Thursday, February 23, 2006

New Tech: Revisiting copyright...

A couple of interesting articles came across today. One story detailed the requirements for licensing under the Blu-Ray/HD-DVD standard. The other details the evil of this scheme and how it abuses the end user. Basically, these new licensing schemes aim to prevent the free flow of information by making practically everything proprietary. While I am all for business making a buck, it certainly shouldn't be at the expense of the consumer. These kinds of restrictions destroy consumer confidence, and tear apart the fabric which undergirds the era of limited restrictions to information in the internet age. Information is a power, that if wielded effectively, can make more money than it looses. New assaults by the RIAA and the MPAA demonstrate prime examples of how now the industry leaders are abusing the system to take advantage of the little guy. Continuing down this road will disenfranchise the end user, and place so many restrictions on technology that things as we know it will be tied up in profit sharing schemes.
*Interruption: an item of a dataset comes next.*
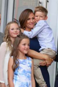 Η Τζένιφερ Γκάρνερ σε φωτογράφιση του 2018, με τα παιδιά της Βάιολετ, Σεραφίνα και Σαμ
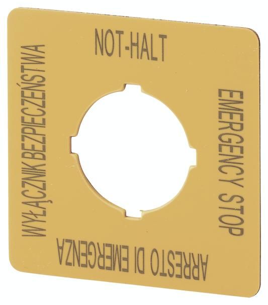 Moeller 167643 EATON M22-XYK5 sign EMERGENCY STOP 50x50mm yellow PL EN DE IT

A similar situation is developing with certain forms of web development. This article discusses the patent recently granted to a California company for AJAX, a rich media internet content software bundle. Many web developers utilize AJAX as a platform for creating dynamic websites. Many sites use AJAX, but are now subject to licensing fees. This, along with the developments with HD content demonstrate that the current system governing the interplay of law and technology is broken. The question is determining how to resolve the problems like archaic concepts of intangible property ownership. I don't have the answers, but a more libertarian approach would be my suggestion. If you make money on the initial release of information, like movies, music, or books, then criminalize sharing the information but permit the end user to transpose or convert the information in a manner in which they please. The purveyors of the information could also add a small licensing charge to the sale of applicable technology formats. Adding a surcharge to the sale of mp3 players is one example. While this does pose more risk, the interest in word of mouth marketing, the ease of availability, and the allure of expansive usability will draw more consumers, and quell the so called "piracy" culture. Much of this culture is driven by the oppressive practices of the major media companies. Alleviating this motivation will stabilize the distribution scheme. I think, to some extent, the open source movement demonstrates the effectiveness of this approach. Just a thought.